This blog has had 170 readers this month! Now that may not seem a lot to all you SEO high power Internet Magnates, but to me it’s a Yeehah moment. Especially considering my highest month before this was December last year, at 57 or something.
When it doesn’t seem like anything is going right, some things are actually going right, you just can’t see them – or they don’t seem relevant, that’s more like it. They get swamped.
I’ve spent the last week feeling isolated and overwhelmed. And in that state, I didn’t realise how much I was in default mode, or that I was the one isolating myself. I didn’t realise that the people who love me didn’t go away, I went away. How can you not see that in yourself? It always baffles me.
I did that when I was a child. I just withdrew. Well, back then I was powerless to change what was going on in my life, and withdrawal was about the only option I had.
But I’m not a child any more nor am I powerless.
You don’t have to withdraw. Actually you have to not withdraw, that’s more to the point. Withdrawal is a kind of control, I guess, totally counter-productive, like most control mechanisms. It’s a bit like getting into a skid, you want to apply the brakes but you have to do the opposite. It’s definitely like learning to ski – you have to learn to let yourself lean forward. There’s no part of your being that can understand that!
Exactly at the moment when you want to turn away from people is when you must turn towards them. You get afraid that you’ll drag somebody down, that’s why you don’t reach out, but it doesn’t have to be about that at all. If somebody reaches out to you don’t you open up your heart without a second thought? It’s about wanting to know somebody loves you. Somebody cares. And that you’re not a prize idiot. Not alone.
If you don’t do it, once you start pulling away, it can spiral out of control, and the world can become a dark place, where things seem much worse than they are, where old ghosts haunt with a venom and seem incredibly real. And then once you’ve crossed a certain threshold it’s hard to get back out into the light. So best not to go there in the first place.
I’m not saying take a pill or don’t feel. I’m just saying pay attention so you can meet the need before it gets out of hand. If you have a child who’s frightened and you don’t hold it and talk to it and assure it that it’s safe and you won’t leave, the child will get hysterical.
Have to hear the child within.
I was watching Leverage tonight, and one of the characters had to take on some violent opponent. He said “you can’t control the violence [in others or the world]. The only thing you can control is what’s in here” and he pointed to his heart.
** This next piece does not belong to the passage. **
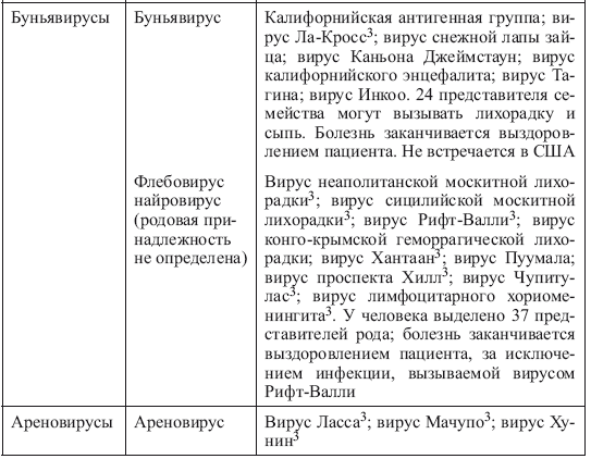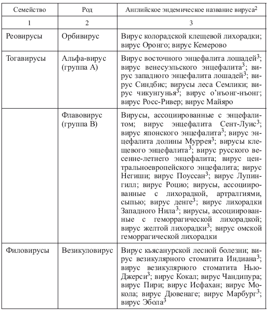В зависимости от преобладания клинико-патогенетического синдрома различают арбовирусные системные лихорадочные болезни, геморрагические лихорадки, энцефалиты и энцефаломиелиты. Более 250 антигенно различных арбовирусов сгруппированы в пять семейств (табл. 2). Геном большинства вирусов представлен односпиральный РНК, хотя некоторые из них (представители семейства Reoviridae) содержат двуспиральную РНК.

That’s about it. I took that to mean you can protect your sacred space, your right to enjoy life no matter what. I thought, no matter what’s going on around you, no matter how out of control your financial situation seems, what’s in your heart is yours alone, you can learn to protect it. If you can’t see your way, at least remember to reach out for the light switch. There may have been a time in childhood when that dark place was a comfort, but once you’re an adult, it isn’t any more.
It’s funny. Money hasn’t been very easily within my reach – to put it mildly – but people are, now. I have people in my world who are fundamentally caring at heart. Fun to be with. Easy to have fun with. Who aren’t going to walk away, don’t need to. Maybe they’ve always been in my world, maybe I just haven’t been able to open the door.
Not having enough money is absolutely nothing in comparison to not having enough connection. The money deprivation is frightening, and frustrating. The connection deprivation starves you completely, makes you not want to live. That’s not good. I feel kind of shocked at the place I went to.
It happens over and over again – the money crisis highlights vulnerability and raw spots. I may not be able to do much about the money – I mean beyond what I’m doing – but I can do something about my vulnerability. I can listen better. I can not let myself be beseiged by old ideas and beliefs. Ah well, three steps forward, sometimes two steps back – never three, and definitely never four.
On which profound note I’m going to sleep.
Moving from the Dark Ages to the Renaissance.